Gov. Mary Fallin said the Supreme Court’s decision Thursday still would not fix the $215 million loss from the court’s striking down of the cigarette tax.

“I appreciate the Supreme Court ruling on this matter in an expeditious manner. This ruling provides us with clarity in dealing with this fiscal year’s

budget. While pleased with today’s ruling, it’s important to keep in mind we must still deal with the immediate problem of the loss of $215 million from the earlier high court ruling that struck down the proposed smoking cessation fee,” she said in a statement. “The $215 million represents just state funds, but with the loss of matching federal funds state agencies estimate the total is nearly $500 million.”

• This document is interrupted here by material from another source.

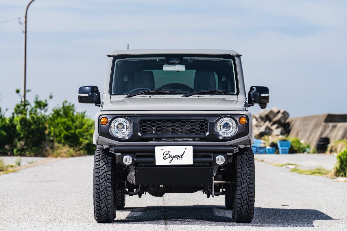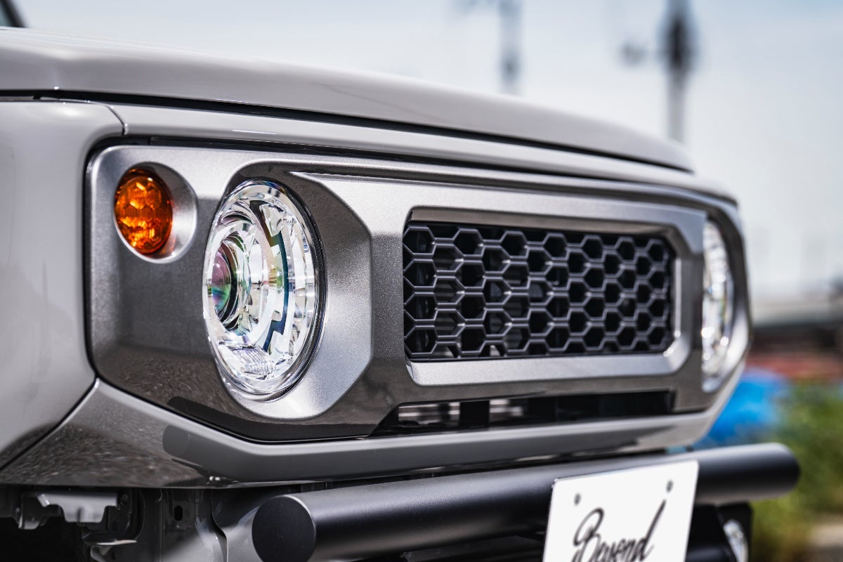 多くのジムニーユーザーに支持されている純正オプショングリルを想起させる、エッジの効いたハニカムメッシュデザインを採用。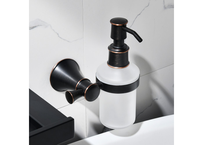 PODZIMA ZRALA дозатор для мыла настенный, механический. Материал: латунь, держатель - цинк, колба - стекло.

The loss of the expected $215 million from the smoking cessation fee may lead the Oklahoma Legislature into a special session to address how to deal with shortfall, which was earmarked for Oklahoma health care agencies.

In Thursday’s decision, Justice Patrick Wyrick, wrote, “This is the second of several cases challenging various measures enacted by the Legislature this past session in response to the state’s budget crisis. In the first of those cases, we unanimously held that a measure imposing a new $1.50 per pack assessment on cigarettes was a ‘revenue bill…’”

“This cases involves House Bill 2433, which was also enacted during the final five days of the session and did not receive three-fourths support in either legislative chamber. Like the first case, this case involves Article V, Section 33 challenge, but the similarities end there because this case presents the much different question of whether a measure revoking an exemption from an already levied tax is a ‘revenue bill…’ We conclude that HB 2433 is not a ‘revenue bill’ because, despite its revenue-raising purpose, it does not levy a tax in the strict sense of the word.”

The Oklahoma Automobile Dealers Association, L and J Acquisitions, LLC (doing business as Battison Honda) and Caitlin Cannon petitioned the court about the motor vehicle tax exemption.